*** Begin section ***

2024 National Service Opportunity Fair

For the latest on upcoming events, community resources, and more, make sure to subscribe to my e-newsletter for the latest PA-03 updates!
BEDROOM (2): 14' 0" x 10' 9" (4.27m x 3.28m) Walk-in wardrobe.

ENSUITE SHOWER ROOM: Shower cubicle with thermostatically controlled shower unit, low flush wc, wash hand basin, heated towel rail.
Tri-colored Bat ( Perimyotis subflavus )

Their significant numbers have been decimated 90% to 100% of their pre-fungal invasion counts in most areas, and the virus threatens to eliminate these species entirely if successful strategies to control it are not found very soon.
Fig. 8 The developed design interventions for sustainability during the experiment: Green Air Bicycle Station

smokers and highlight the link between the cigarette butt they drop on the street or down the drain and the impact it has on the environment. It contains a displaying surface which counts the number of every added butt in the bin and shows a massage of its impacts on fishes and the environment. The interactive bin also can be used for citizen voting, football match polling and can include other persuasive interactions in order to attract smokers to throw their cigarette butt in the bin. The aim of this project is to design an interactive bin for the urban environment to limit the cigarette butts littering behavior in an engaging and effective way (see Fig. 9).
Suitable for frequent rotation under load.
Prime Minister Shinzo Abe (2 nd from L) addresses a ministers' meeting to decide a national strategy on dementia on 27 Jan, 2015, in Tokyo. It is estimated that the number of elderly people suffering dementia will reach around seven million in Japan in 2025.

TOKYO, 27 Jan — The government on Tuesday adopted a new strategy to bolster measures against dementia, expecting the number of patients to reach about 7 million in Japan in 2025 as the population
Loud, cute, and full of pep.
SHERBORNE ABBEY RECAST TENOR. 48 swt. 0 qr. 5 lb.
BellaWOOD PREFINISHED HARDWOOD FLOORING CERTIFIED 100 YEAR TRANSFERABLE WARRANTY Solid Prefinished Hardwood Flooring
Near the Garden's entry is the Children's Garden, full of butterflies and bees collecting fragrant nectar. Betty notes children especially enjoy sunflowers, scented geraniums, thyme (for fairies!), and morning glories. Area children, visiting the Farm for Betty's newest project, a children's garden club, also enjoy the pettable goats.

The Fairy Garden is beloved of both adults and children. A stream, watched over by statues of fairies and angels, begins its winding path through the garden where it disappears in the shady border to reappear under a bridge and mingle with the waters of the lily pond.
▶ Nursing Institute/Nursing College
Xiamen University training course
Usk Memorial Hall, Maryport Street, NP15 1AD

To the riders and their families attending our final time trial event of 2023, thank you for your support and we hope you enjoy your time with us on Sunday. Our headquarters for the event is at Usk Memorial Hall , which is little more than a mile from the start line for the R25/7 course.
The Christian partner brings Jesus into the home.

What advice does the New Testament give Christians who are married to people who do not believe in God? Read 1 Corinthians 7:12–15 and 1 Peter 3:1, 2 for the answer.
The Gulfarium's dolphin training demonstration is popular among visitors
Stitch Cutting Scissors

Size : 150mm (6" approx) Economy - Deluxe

*** End section ***
*** Begin section ***

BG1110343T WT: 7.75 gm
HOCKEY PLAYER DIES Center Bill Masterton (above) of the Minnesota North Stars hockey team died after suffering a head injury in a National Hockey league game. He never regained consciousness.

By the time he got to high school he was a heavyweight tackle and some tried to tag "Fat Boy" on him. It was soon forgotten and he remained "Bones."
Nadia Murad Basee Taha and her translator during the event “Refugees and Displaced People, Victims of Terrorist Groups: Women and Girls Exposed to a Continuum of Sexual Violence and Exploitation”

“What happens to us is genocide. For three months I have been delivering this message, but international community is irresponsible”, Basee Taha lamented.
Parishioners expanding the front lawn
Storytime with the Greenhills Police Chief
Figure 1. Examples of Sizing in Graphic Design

*** End section ***

▶ **What this task involves**: Above are the records; copy exactly the lines from the line with "SHERBORNE ABBEY RECAST" through the line with "Near the Garden's", both included.

▶ **Response for this exercise**:
SHERBORNE ABBEY RECAST TENOR. 48 swt. 0 qr. 5 lb.
BellaWOOD PREFINISHED HARDWOOD FLOORING CERTIFIED 100 YEAR TRANSFERABLE WARRANTY Solid Prefinished Hardwood Flooring
Near the Garden's entry is the Children's Garden, full of butterflies and bees collecting fragrant nectar. Betty notes children especially enjoy sunflowers, scented geraniums, thyme (for fairies!), and morning glories. Area children, visiting the Farm for Betty's newest project, a children's garden club, also enjoy the pettable goats.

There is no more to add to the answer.